In recent months, there have been a number of measures by the Bush administration dealing with abortion rights. President Bush has steadfastly maintained that the Republican Party must "maintain our pro-life position." The new Republican-controlled Congress will make it easier to pass legislation challenging abortion laws.
The first piece of abortion legislation expected to pass through the 108th Congress bans a type of medical procedure opponents call "partial birth" abortion. The legislation has already passed through the House of Representatives.
With the reintroduction of the partial birth abortion ban legislation in the Senate, we have the opportunity once again to right a wrong," Senate Majority Leader Bill Frist (R-Tenn.) said. "We must heed the will of the American people as they call on us to listen not to political advisors or radical interest groups, but to our conscience."
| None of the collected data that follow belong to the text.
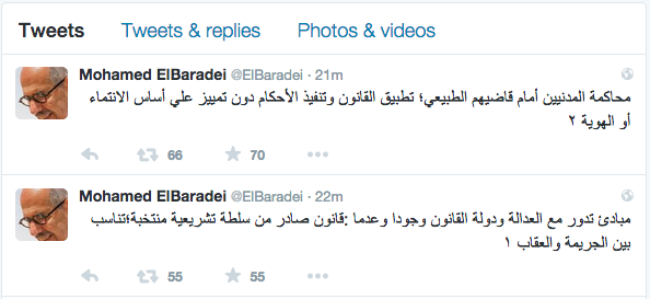 وحدد البرادعي خلال تدوينة له على موقع التدوينات القصيرة “تويتر” هذه المبادئ في أمرين أولهما “أن قانون صادر من سلطة تشريعية منتخبة تناسب بين الجريمة والعقاب”.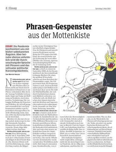ESSAY. Die Pandemie konfrontiert uns mit bisher unbekannten Ängsten. Aber beinahe ebenso unheimlich wird die Durchseuchung der Sprache mit Phrasen und das seltsame politische Kurzzeitgedächtnis. Von Werner Krause
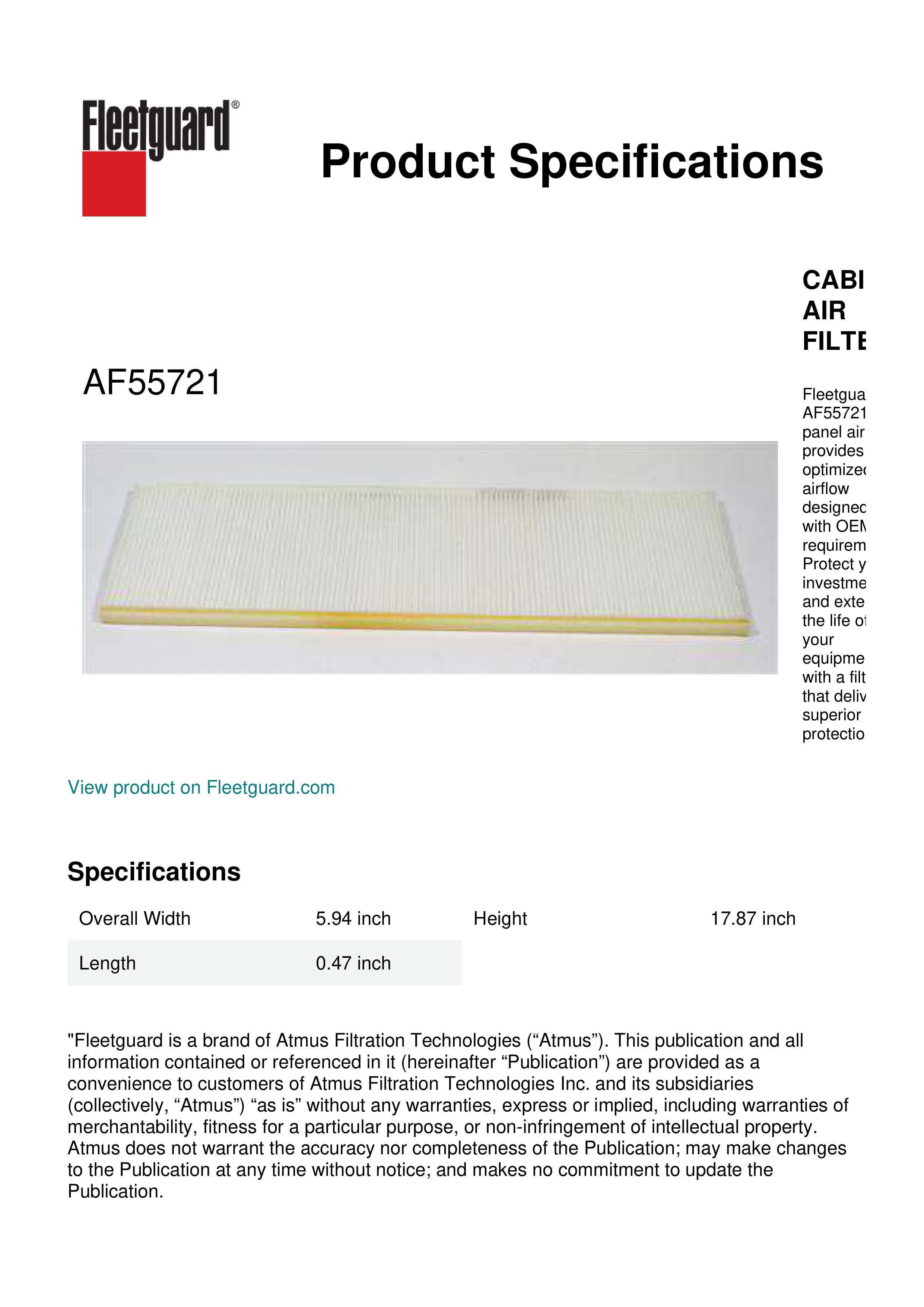Fleetguard® AF55721 panel air filter provides optimized airflow designed with OEM requirements. Protect your investment and extend the life of your equipment with a filter that delivers superior protection.Specification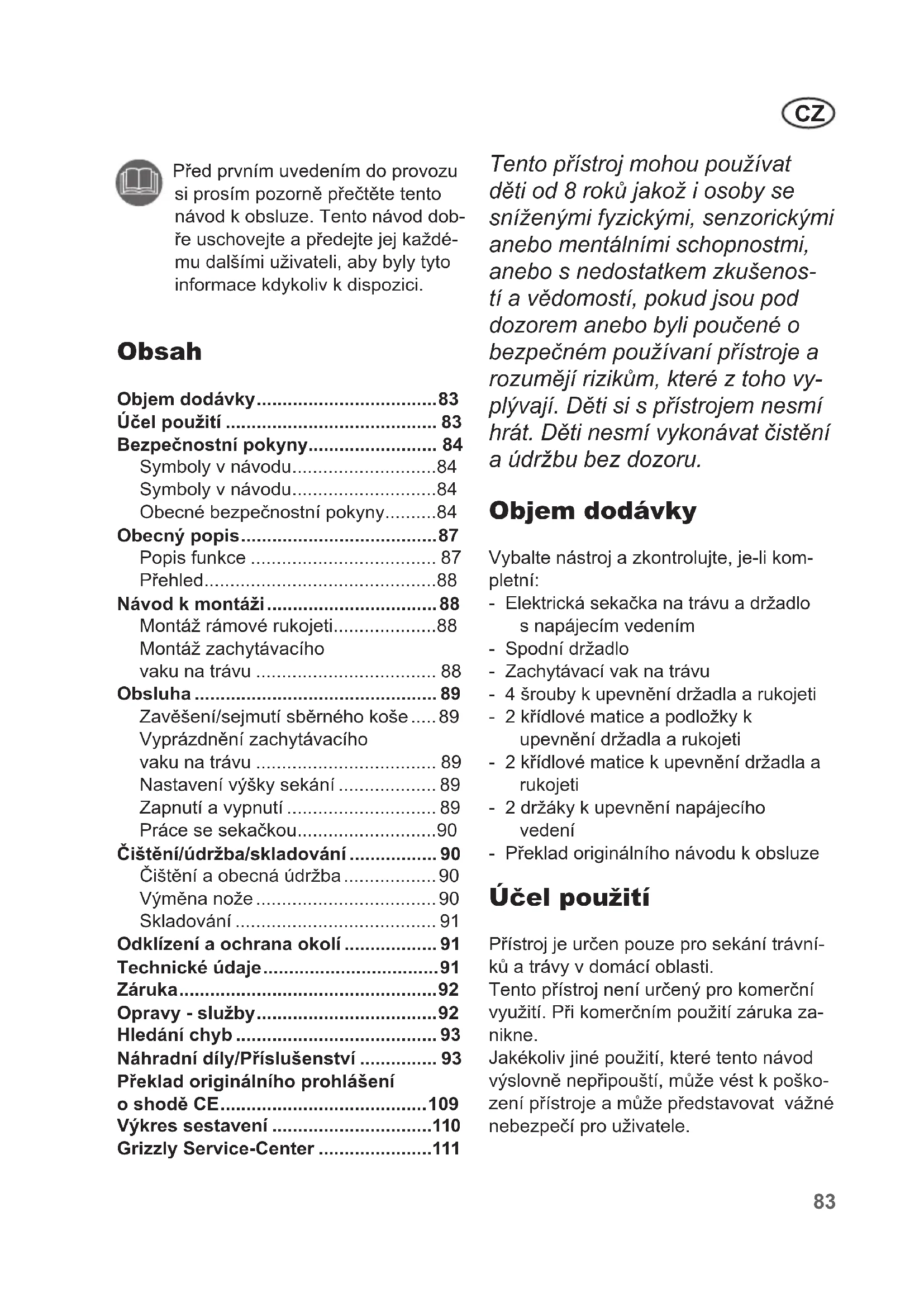 Pristroj je urcen pouze pro sekani travniku a travy v domaci oblasti.

An advisory committee formed by the Bush administration categorizes embryos and fetuses as human research subjects, protecting embryos in medical and scientific research that some scientists say helps with finding cures for diseases like Alzheimer's.
Pro-life advocate Kenneth Connor of the Family Research Council says the decision should finally put an end to the debate over whether embryos are human and would apply to abortion as well.
The Bush administration also authored a new regulation that provides health coverage to the unborn through a federal-and state-funded program for low-income children.
Supporters believe the regulation will help women because it now covers a woman while she is pregnant. But Judith Lichtman who heads the National Partnership for Women and Families, calls the new regulation a "sham" and, since it creates legal status for the unborn, says it would violate the protections established in Roe v. Wade.
She says that if the government were not trying to take away the rights guaranteed in Roe v. Wade it would have provided health coverage for low-income pregnant women instead of their fetuses.
The Future of Roe v. Wade
Currently, Supreme Court justices are split 5-4 in favor of upholding Roe v. Wade. But it is possible that one or two justices could retire during Mr. Bush's presidency and be replaced by those who hold a pro-life opinion.
President Bush has already nominated a number of conservative judges to lower federal courts. Federal judges are pivotal in the abortion debate because they can help interpret abortion laws.
Nonetheless, Democratic pollster Geoffrey Garin says, many pro-life politicians would rather chip away at Roe. V. Wade, than challenge it directly.
"A lot of pro-life Republicans, including the president in 2000, were able to win the votes of pro-choice independents and Republicans by convincing them that they did not really represent a threat to a woman's right to choose," Garin told The New York Times. "The closer the pro-lifers get to attacking the core of Roe v. Wade, the bigger the political fallout will be."